━━ SUPPLIED RECORDS

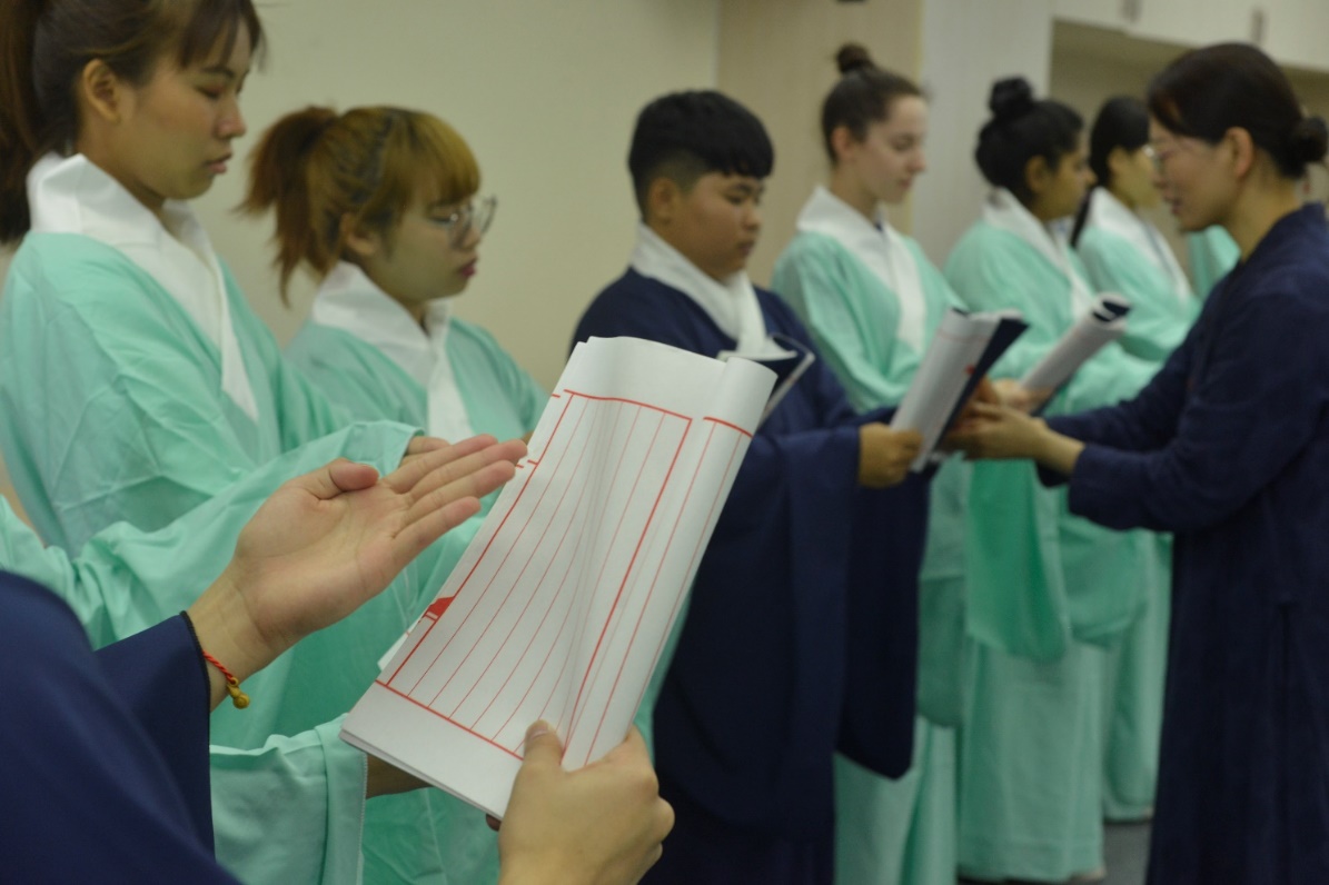 培训过程中,职工对汉服着装及站姿、行礼、执书仪态等表现出浓厚的兴趣。在纪筱安老师的指导下,职工们纷纷“理头鬓”、“正衣冠”,以“君子九容”为据,学习站立、行走、揖礼,练习如何执书、执扇、执笔等。职工还活学活用,别出心裁地设置出“老师给员工赠书”、“同窗相见问候”等“小剧场”,来具体应用所学到的中国传统礼仪知识。
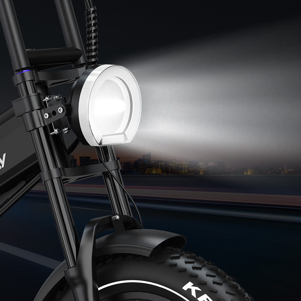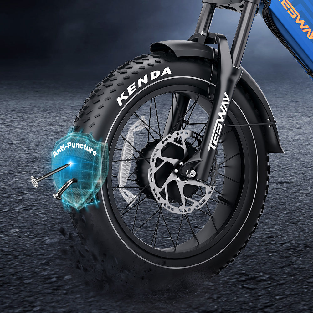 20"x4.0" Kenda fat tires offer stability across various surfaces, from urban roads to light trails. Reflective side strips enhance visibility for safer night riding.
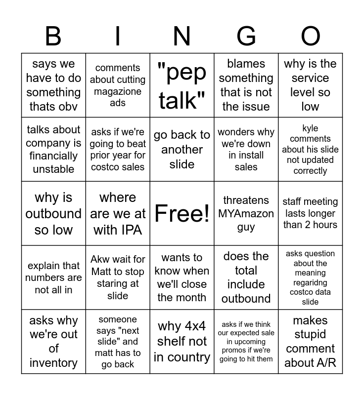 This bingo card has a free space and 24 words: Akw wait for Matt to stop staring at slide, someone says "next slide" and matt has to go back, go back to another slide, asks why we're out of inventory, why is the service level so low, says we have to do something thats obv, talks about company is financially unstable, comments about cutting magazione ads, threatens MYAmazon guy, wants to know when we'll close the month, wonders why we're down in install sales, why is outbound so low, does the total include outbound, asks question about the meaning regaridng costco data slide, asks if we're going to beat prior year for costco sales, asks if we think our expected sale in upcoming promos if we're going to hit them, staff meeting lasts longer than 2 hours, "pep talk", kyle comments about his slide not updated correctly, where are we at with IPA, makes stupid comment about A/R, explain that numbers are not all in, blames something that is not the issue and why 4x4 shelf not in country.
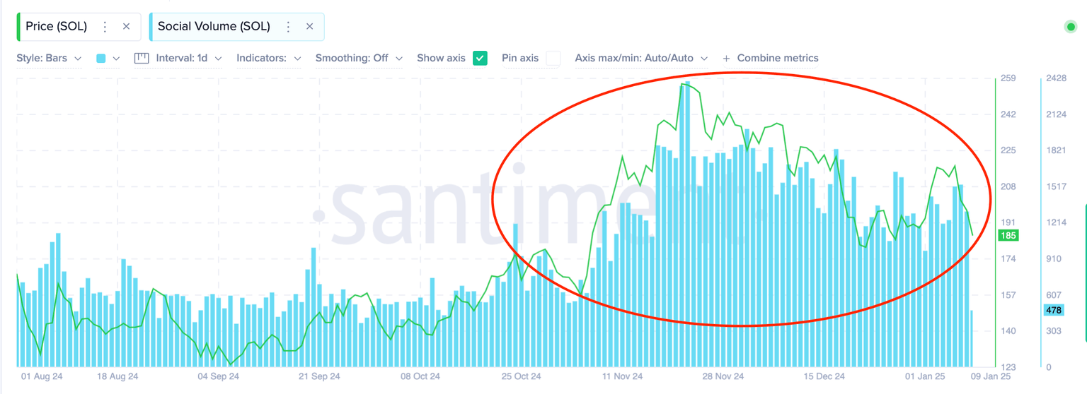 Según los datos de Santiment, el dominio social de Solana ha seguido tendiendo a niveles inusualmente altos, a pesar del reciente retroceso del precio.
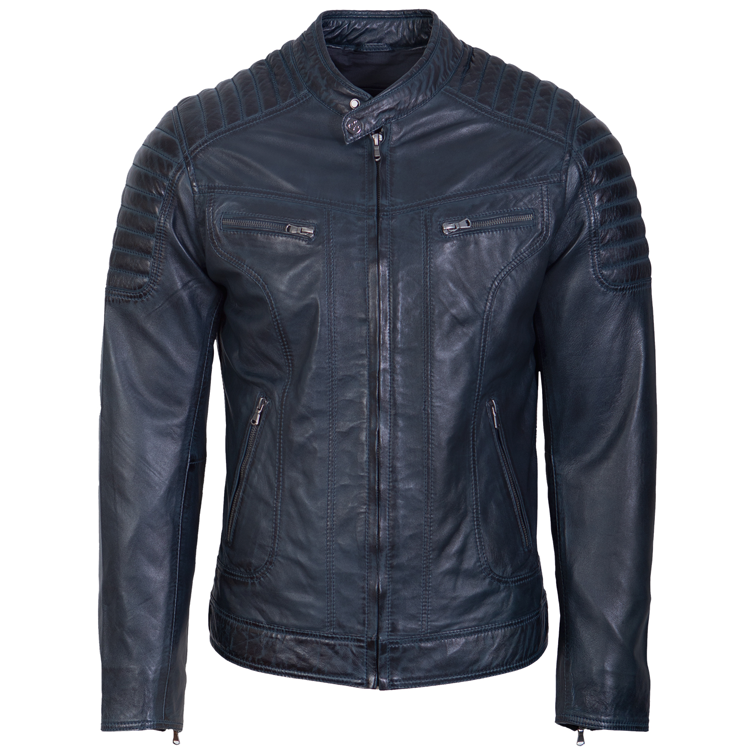 Discover the epitome of style and practicality with our Men’s Leather Jacket Ryan Blue, a top-selling masterpiece. Meticulously crafted, it features sleek zipper details, ribble shoulders, and a comfortable cotton lining. With different size ranges, we guarantee the perfect fit for every body type. Elevate your fashion game with this timeless classic that effortlessly marries form and function, making it a must-have addition to your wardrobe.
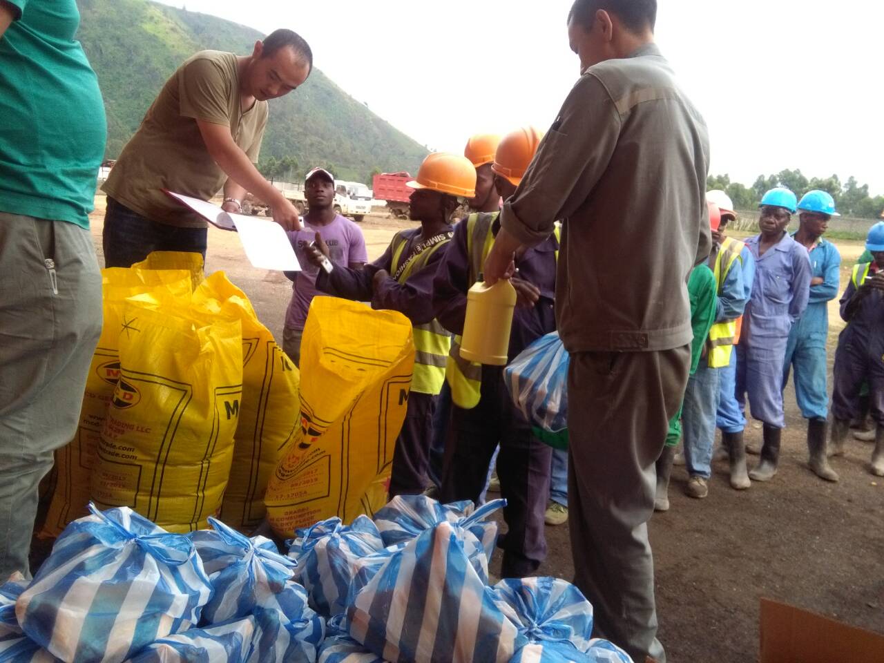 剛果(金)戈馬道路項(xiàng)目組為了讓當(dāng)?shù)貑T工過(guò)上一個(gè)溫暖歡樂(lè)的圣誕節(jié)和新年,在項(xiàng)目部設(shè)立了三個(gè)節(jié)日慰問(wèn)品發(fā)放點(diǎn),給當(dāng)?shù)貑T工發(fā)放了食品和生活用品。前來(lái)領(lǐng)取節(jié)日禮品的當(dāng)?shù)貑T工臉上洋溢著幸福的笑容,紛紛向工作人員表示感謝。
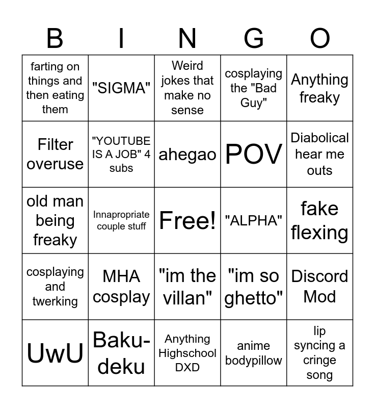 This bingo card has a free space and 24 words: MHA cosplay, Baku-deku, ahegao, UwU, Anything freaky, farting on things and then eating them, Filter overuse, "SIGMA", "ALPHA", "im the villan", POV, old man being freaky, "im so ghetto", Discord Mod, "YOUTUBE IS A JOB" 4 subs, anime bodypillow, fake flexing, Weird jokes that make no sense, Diabolical hear me outs, Innapropriate couple stuff, lip syncing a cringe song, cosplaying and twerking, cosplaying the "Bad Guy" and Anything Highschool DXD.
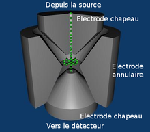 Le piège est constitué de trois électrodes à section hyperbolique : une électrode annulaire encadrée par deux électrodes-chapeaux (d'entrée et de sortie) qui forment les calottes supérieure et inférieure du système. Une tension en radiofréquence combinée ou non à une tension continue U est appliquée entre l'électrode centrale et les deux électrodes calottes. [2] Le champ résultant est alors tridimensionnel.
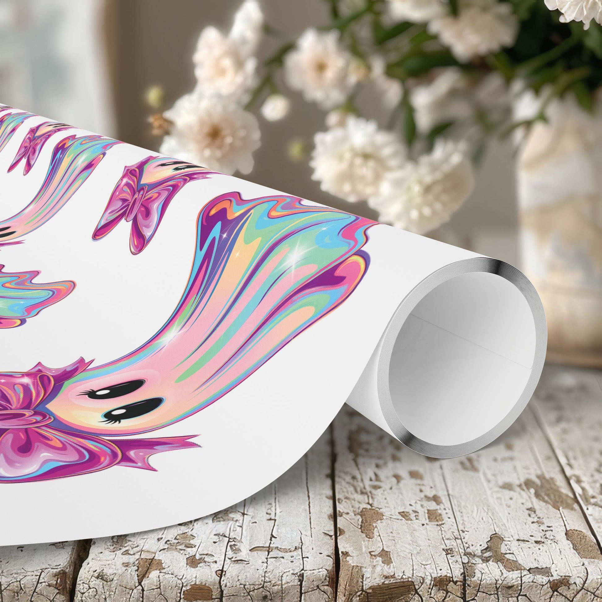 Wrap your gifts in spooky sweetness with this iridescent ghost wrapping paper! Featuring a pastel ghost with a cute bow on her head, this design is perfect for adding a charming touch to Halloween party favors, boo baskets, October birthdays, or just treating your spooky bestie. Printed on high-quality, (choice of glossy or matte) paper that’s easy to cut and fold — because gift wrap should be fun, not frustrating.
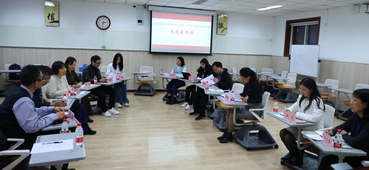 11月11日下午,北京交通大学数学与统计公司党委书记王烜、经理于永光一行6人来公司开展调研交流,数学公司党委书记柯媛元参加座谈并主持交流会。北京交通大学数学与统计公司党委副书记王浩、综合办主任尚颖、培养办主任郭昱良、专职组织员王雪纯,公司副经理黄志勇、副经理姜昊、办公室主任孙大英、本科教务秘书赵春晓、团委书记艾提娜参加交流。

━━━━

** DIRECTIONS FOR THIS TASK **
In the answer, include exactly the lines from the top of the entries through the line containing "safer night riding.", and nothing else, not even the pictures.

** ANSWER TO THE EXERCISE **
 培训过程中,职工对汉服着装及站姿、行礼、执书仪态等表现出浓厚的兴趣。在纪筱安老师的指导下,职工们纷纷“理头鬓”、“正衣冠”,以“君子九容”为据,学习站立、行走、揖礼,练习如何执书、执扇、执笔等。职工还活学活用,别出心裁地设置出“老师给员工赠书”、“同窗相见问候”等“小剧场”,来具体应用所学到的中国传统礼仪知识。
 20"x4.0" Kenda fat tires offer stability across various surfaces, from urban roads to light trails. Reflective side strips enhance visibility for safer night riding.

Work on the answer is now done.